Pretty Weeds

We strolled through the neighborhood, he in his bike helmet, me not. Chattering away, he admired the signs of spring–green grass, flowers, trees leaving out, and a weed.

It stood high in the ditch at the end of our street, proud and purple and almost as tall as my 8-year-old son. The multiple buds bloomed right in front of him as he commented on its beauty.

It’s a weed, I said. I hated to tell him.

A weed! But it’s so pretty, how could it be a weed? He exclaimed with a stricken, surprised look washing over his face.

You can tell by the leaves, how fast it grows, and the strange spiky leaves. It will also come up out of the ground quickly when you pull it. It is tall, but not well rooted. 

The look on his face saddened me. He’d been showing me something beautiful. Maybe he felt foolish for admiring a weed. Maybe he was just surprised, but I struggled wondering if I needed to point out that the flower was not a weed.


Days passed since this encounter with the flower that was really a weed. I remembered it this week as I ambled back from a morning walk and discovered three tall weeds about to bloom in our flower beds.

Grabbing the gloves, I went to pull them and they came out so easily I was surprised. Their blooms were set to burst numerous flowers while my roses, the real flowers, are struggling.

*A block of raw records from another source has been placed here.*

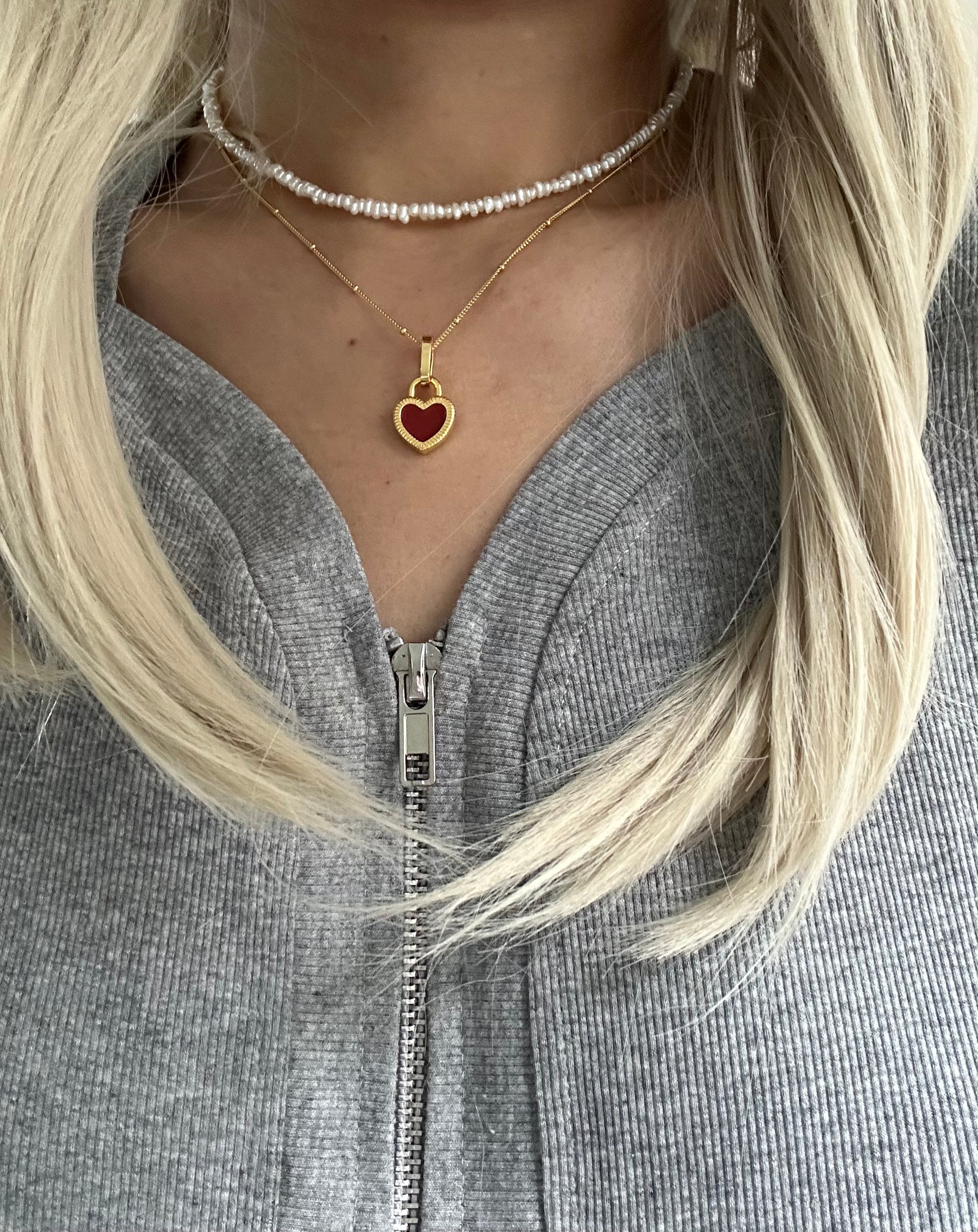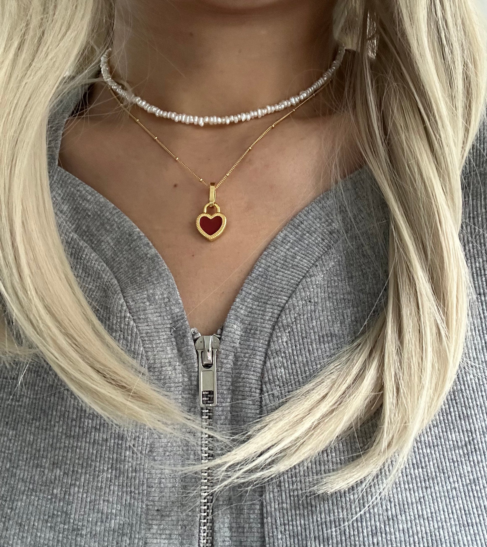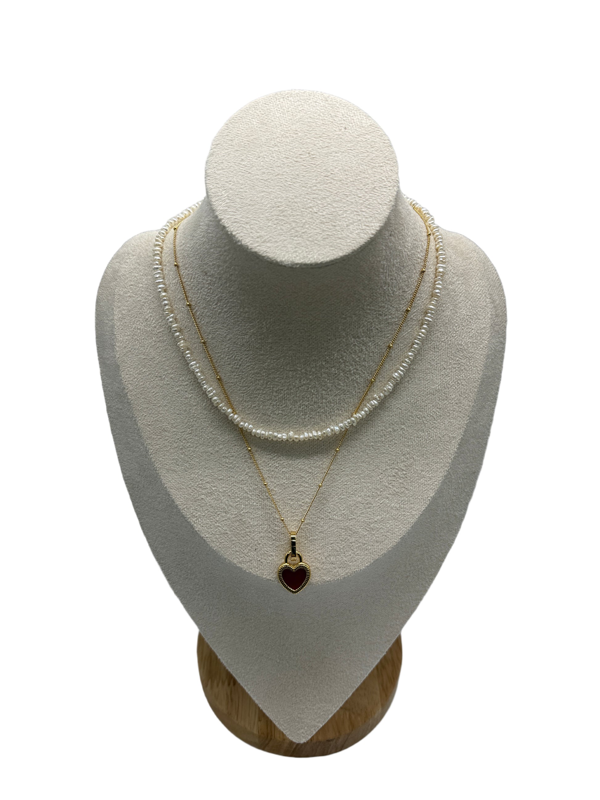 This necklace set features a double sided heart pendant with red onyx and white shell, plated in 18K gold on sterling silver, on an adjustable 43cm chain. It also includes a 3mm Baroque freshwater pearl choker with seed beads, measuring 36cm with an extender. Both pieces offer elegant, versatile style.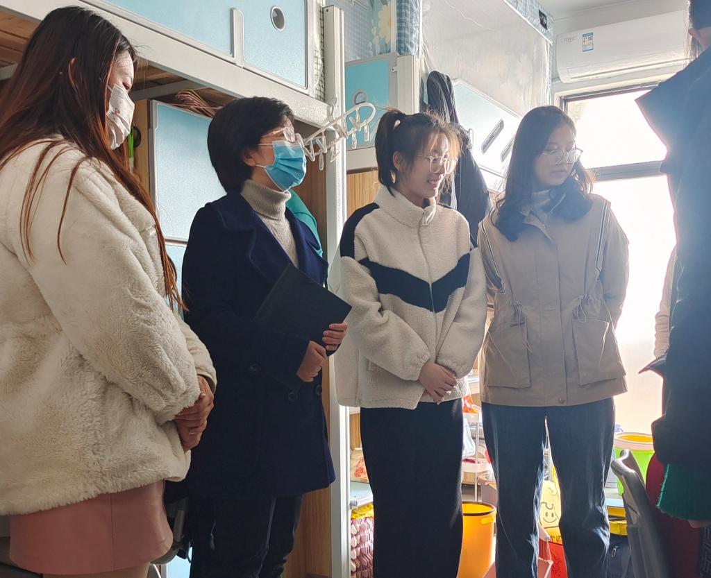 会后,彭芳珍带领专兼职辅导员深入学生宿舍走访调研,学生们热情的向学院领导老师介绍宿舍情况,并分享了她们充实而又快乐的寒假生活。老师们也询问了同学们的学习情况以及新学期的学习计划和目标,并嘱咐他们在日常生活中要做好疫情防控,及时参与学校安排的免费核酸检测,在学习上要以更加饱满的热情去迎接新学期、新课程,上好每一堂课,学以致用,学有所成。(撰稿、摄影:黄兴强    编辑:江伟     审核:彭芳珍 钱敏)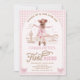Arcos rosa-xadrez Raparigas Primeiro primeiro aniversario Rodeio Convite Raparigas Rosa e Marrom fazem o primeiro convite de aniversário com uma paisagem desértica com cacto, arcos cor-de-rosa, cabeçalho de texto tipo corda e imagem de vaquinha. O primeiro convite de aniversário de rodeio desta rapariga é ideal para uma festa de aniversário selvagem do oeste.

What makes a weed a weed? I thought. By definition, it is a plant that is unwanted or one that is invasive, blocking out cultivated plants. Usually fast growing.

So, it’s just an unwanted, fast growing plant? Makes me feel a little sad for the weed to be so judged! The purple weed was kind of pretty, except when I remember the spiky, ugly leaves and how they overtake a flower bed or lawn. Being untrained, I often don’t recognize them until they are obviously not what I want growing in my lawn.

Its much the same with spiritual weeds in my own life. At first its hard to tell what they are, especially if I am not reading my Bible or practicing confession in my daily life. Something unwanted starts growing and I don’t notice until its big and really needing to be pulled!

The weeds can look pretty, I can even feel sorry for them because they don’t measure up. I can nurse them in pity, but they choke out the good things, the cultivated garden I want my life to be spiritually.img_6459

The weeds were mowed down a few weeks later by the neighborhood lawn care crew. They are not gone, just mowed down for a while until the time it takes them to grow back.

The struggle is real and constant. Growing a cultivated garden takes more work.

But, I think I’m going to enjoy my roses a bit more than the weeds that try to choke them out.

2 thoughts on “Pretty Weeds

  1. Your post reminded me of something I read in my studies a very long time ago – a weed is simply a plant you don’t want in your garden. One person’s rose is another’s weed. Here in Oak Lawn we have the dreaded horrible invasive Creeping Charlie. No one with an established garden lives without it unfortunately and the battle is never ending. However, in Virginia where my sis lives, it is a lovely under story ground cover. I designed a garden for her and a few of her friends. We took walks in her neighborhood so she could show me what she really liked and we passed a brand new front yard garden in which this awful stuff was planted under a new baby tree. It’s like its blue flowers were laughing at me when I spotted it. Even though it’s not a weed in Virginia, likely because of the seriously high clay content, so red you could make a bricks out of it, I did not put it in any of my Virginia designs. To me it will always be a weed.


    1. Laurine, you are so right! I looked up a little more on weeds and it is in the eye of the beholder–“a plant in the wrong place.”
      You have much more experience gardening than I do. We are learning for the first time as first time home owners. It’s a long process.
      I’m always sad when an analogy breaks down because I love analogies!